-- Supplied information follows --

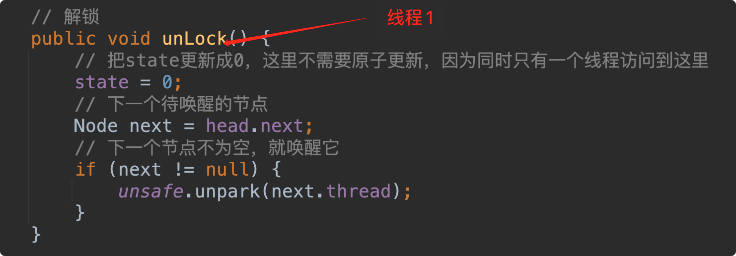 线程1执行业务代码结束并执行unLock方法,执行unLock方法后,在unsafe.park(false, 0L)处阻塞的线程
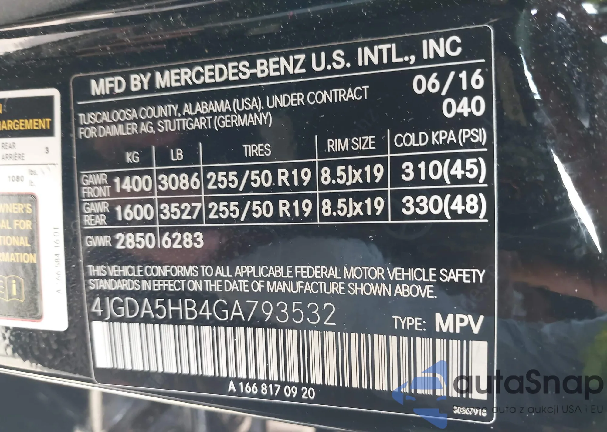 Document description: Salvage (Maryland)Export of the car from the USA is possible
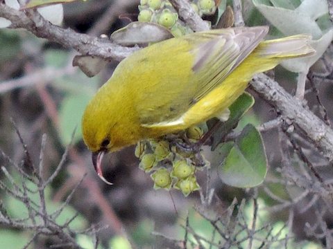 An ʻAmakihi, another endemic honeycreeper, in Hawai'i Volcanoes National Park near the Jaggar Museum. |
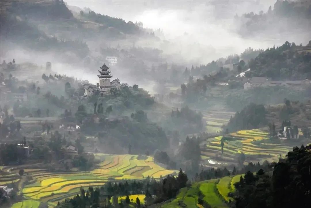 在黎明古村漫步明清石板路,指尖轻抚盐马古道的岁月痕迹;在彭氏宗祠驻足雕花窗棂前,听族老讲述 "明三暗五" 的防御智慧;到彭家老屋感受九进院落依地势蜿蜒,15个天井如星斗落于土家族吊脚楼群,每根穿斗枋暗藏 "暗八仙" 木刻,祈愿家族福寿绵延。
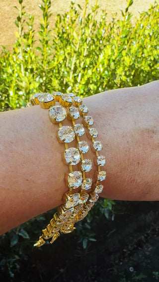 Crystal clear crystal perfectly aligned in a tennis bracelet that is fit for a queen! Set in the richest gold finish. This beauty is available in 3 different sizes (see pictures for reference)
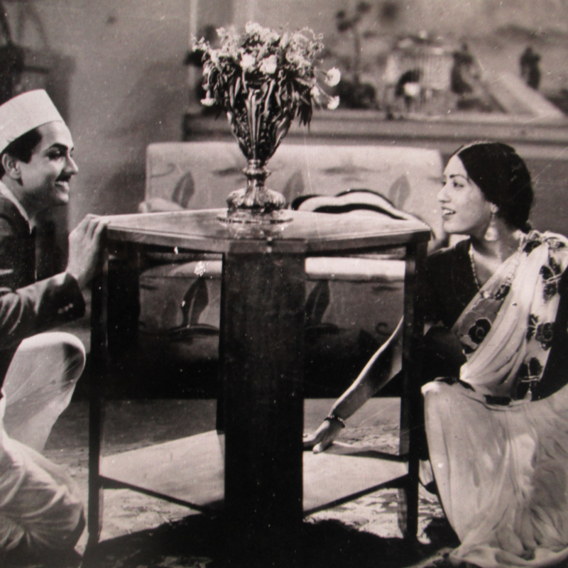 At Prabhat, she worked in Manoos/Aadmi (Dir. V. Shantaram, 1939). The film was touted as 'a picture for the intelligent and discriminating filmgoer, the social reformer and intellectual.'[xxi] Her multilingual song 'Kis liye kal ki baat' was sung in six different languages (Hindi, Marathi, Punjabi, Tamil, Gujarati and Bengali) and was a treat for the audiences and ensured her nationwide popularity. Shantaram was applauded for his portrayal of romance between a policeman and a prostitute.
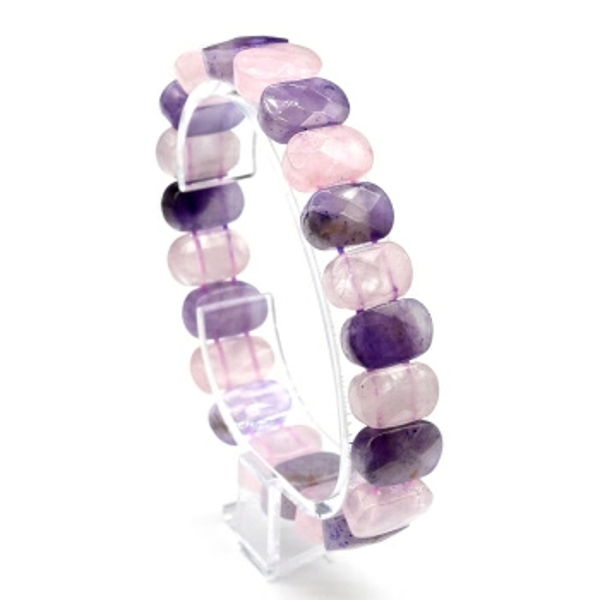 • Браслет граненый 14*7мм из розового кварца и аметиста

-- Supplied information concluded --

## What to do
Pictures aside, the material must be written out word for word.

## Your solution
 线程1执行业务代码结束并执行unLock方法,执行unLock方法后,在unsafe.park(false, 0L)处阻塞的线程
 Document description: Salvage (Maryland)Export of the car from the USA is possible
 An ʻAmakihi, another endemic honeycreeper, in Hawai'i Volcanoes National Park near the Jaggar Museum. |
 在黎明古村漫步明清石板路,指尖轻抚盐马古道的岁月痕迹;在彭氏宗祠驻足雕花窗棂前,听族老讲述 "明三暗五" 的防御智慧;到彭家老屋感受九进院落依地势蜿蜒,15个天井如星斗落于土家族吊脚楼群,每根穿斗枋暗藏 "暗八仙" 木刻,祈愿家族福寿绵延。
 Crystal clear crystal perfectly aligned in a tennis bracelet that is fit for a queen! Set in the richest gold finish. This beauty is available in 3 different sizes (see pictures for reference)
 At Prabhat, she worked in Manoos/Aadmi (Dir. V. Shantaram, 1939). The film was touted as 'a picture for the intelligent and discriminating filmgoer, the social reformer and intellectual.'[xxi] Her multilingual song 'Kis liye kal ki baat' was sung in six different languages (Hindi, Marathi, Punjabi, Tamil, Gujarati and Bengali) and was a treat for the audiences and ensured her nationwide popularity. Shantaram was applauded for his portrayal of romance between a policeman and a prostitute.
 • Браслет граненый 14*7мм из розового кварца и аметиста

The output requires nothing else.